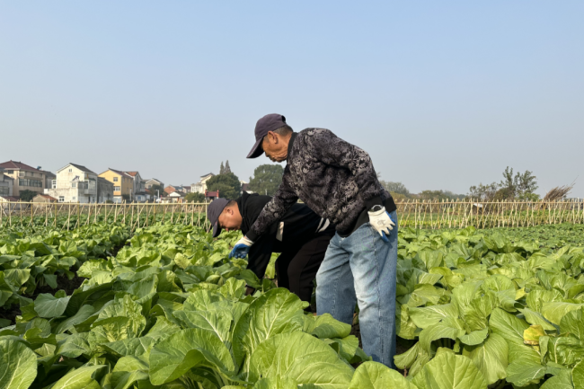 走进高淳区古柏街道凤袁村郭村,沿着村口树立着“幸福小菜园”标示牌一路向前,就来到了“幸福小菜园”农疗基地。菜园沟渠配套、平整有序。蔚蓝的天空、翱翔的飞鸟、翠绿的蔬菜,菜园风景美如画卷。菜园里的青菜、菠菜、小葱都到了待人采收的好时候。
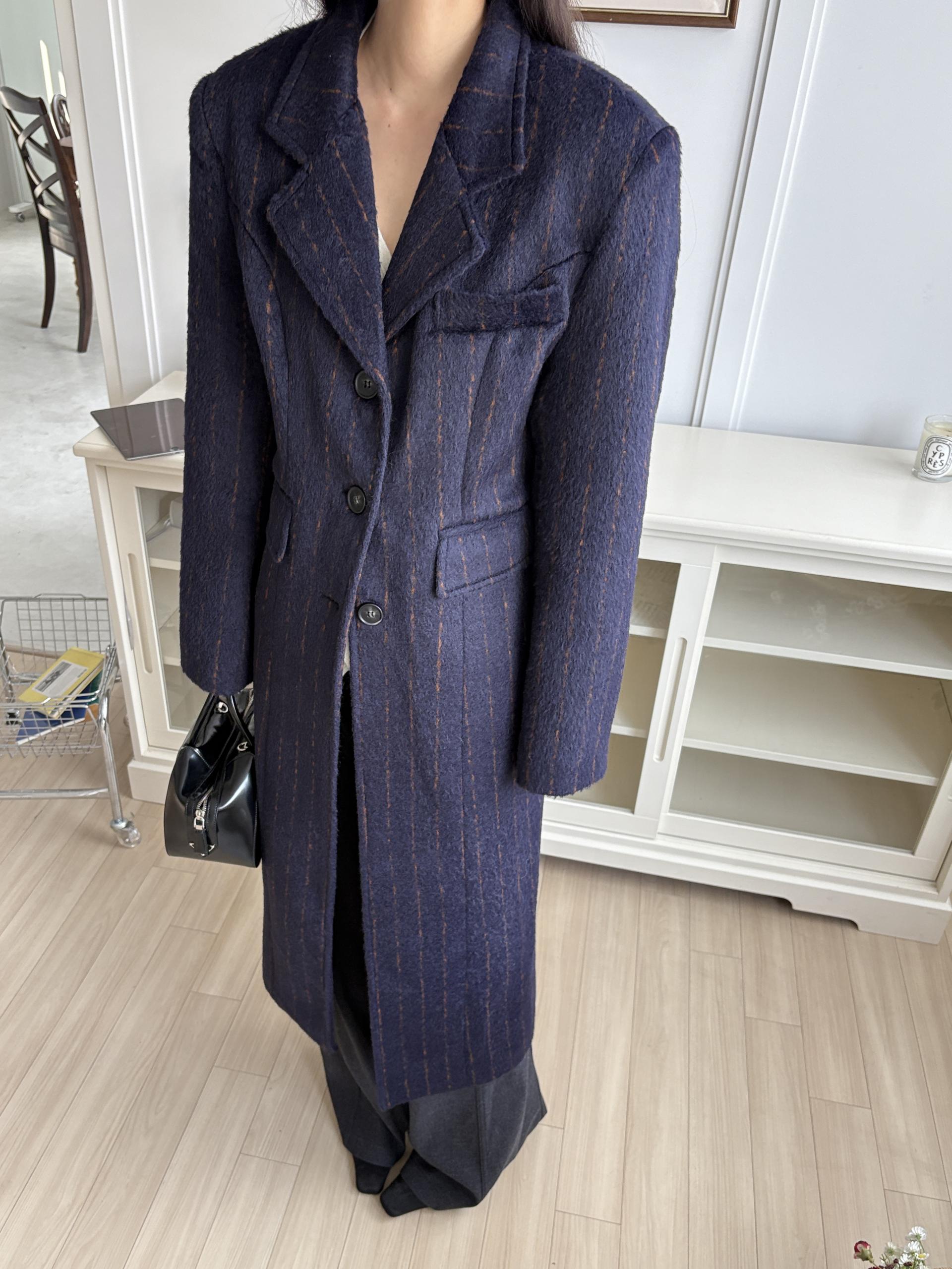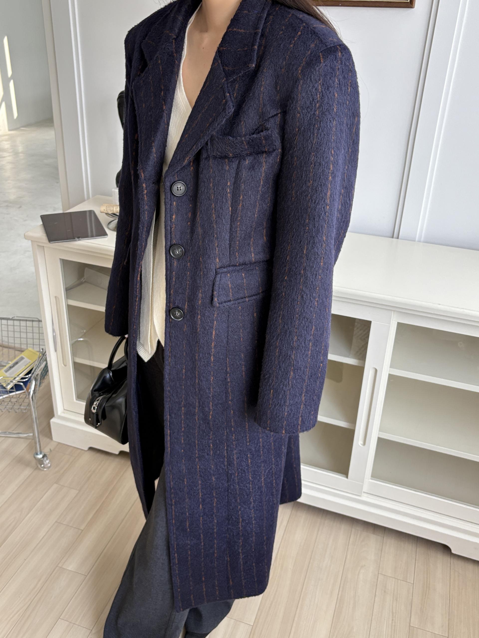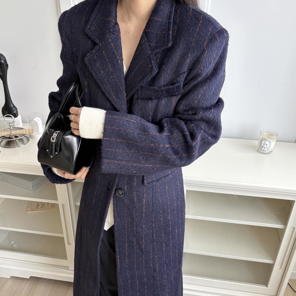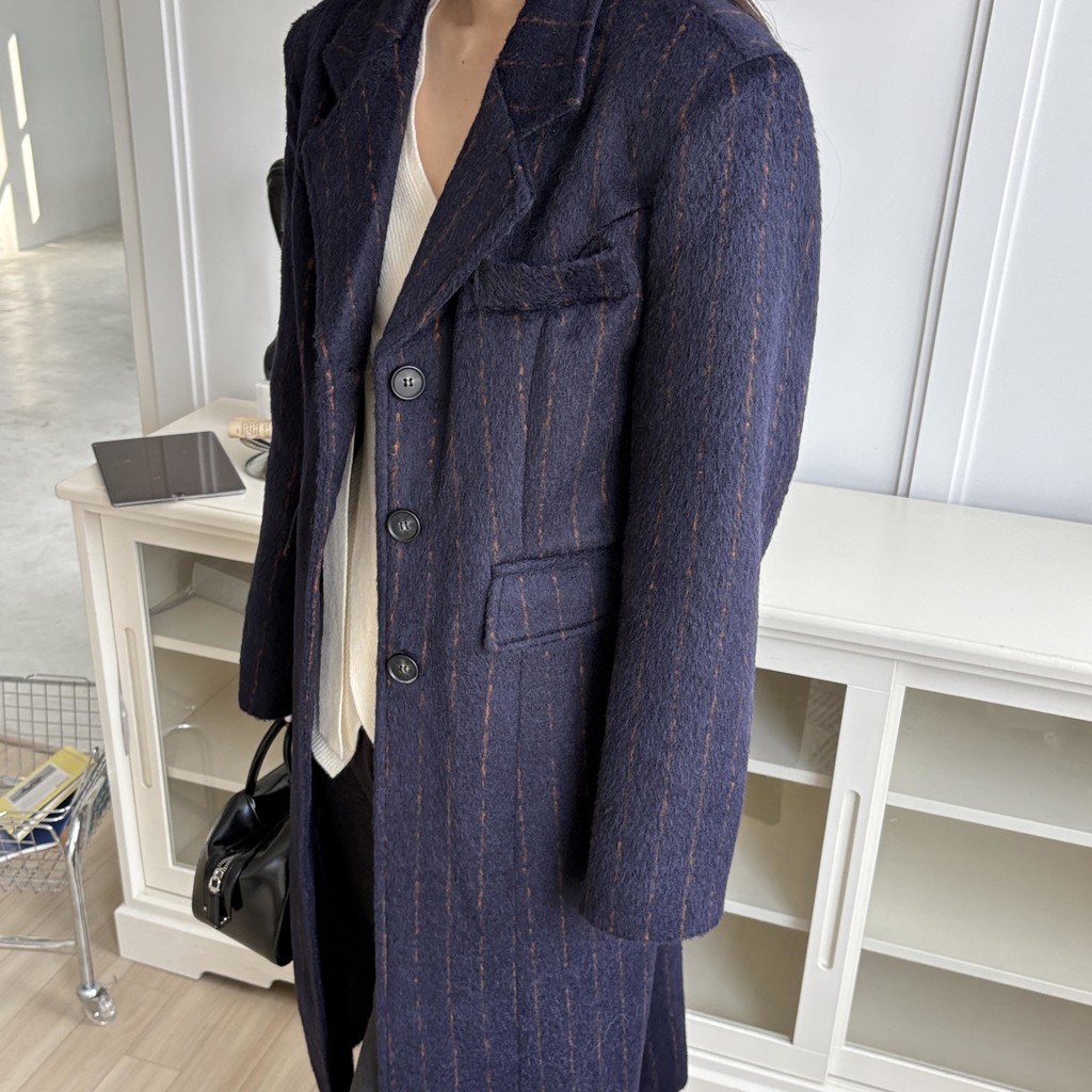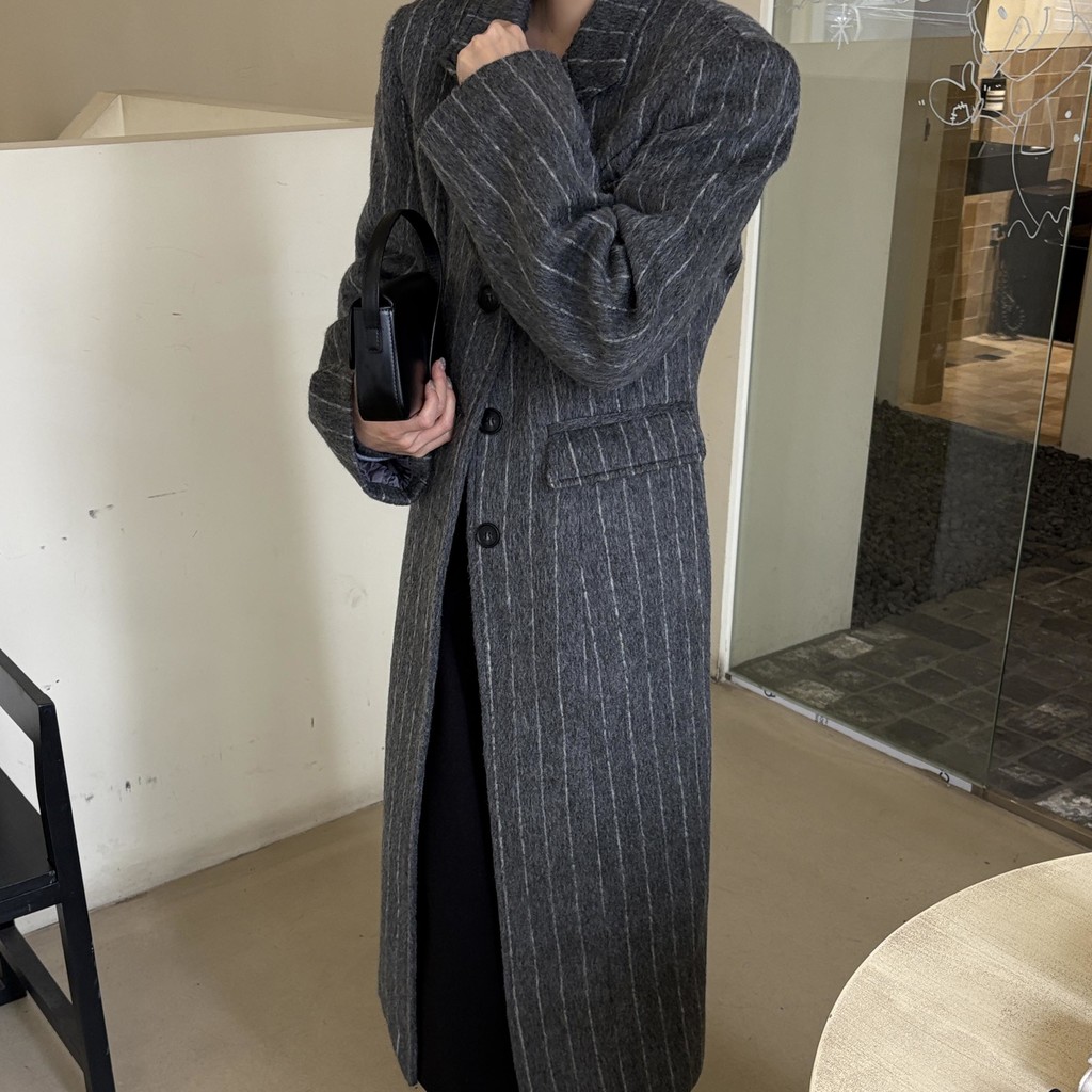 코트에는 흔하지 않게 핀스트라이프 패턴이 들어가 더욱 멋스럽고 소장 가치 높은 맥시 롱 코트입니다.
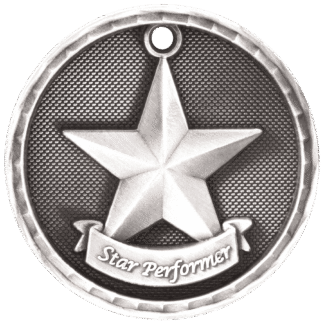 Engraved Personalized Star Performer 3-D Medal-Gold – custom made just for you.Add your name, logo, or message.Fast local production from Trophies Etc.

**Required action**
From the line containing "코트에는 흔하지 않게" to the end of the data above, give those lines again verbatim, with both endpoints included and no images.

**Result of this task**
 코트에는 흔하지 않게 핀스트라이프 패턴이 들어가 더욱 멋스럽고 소장 가치 높은 맥시 롱 코트입니다.
 Engraved Personalized Star Performer 3-D Medal-Gold – custom made just for you.Add your name, logo, or message.Fast local production from Trophies Etc.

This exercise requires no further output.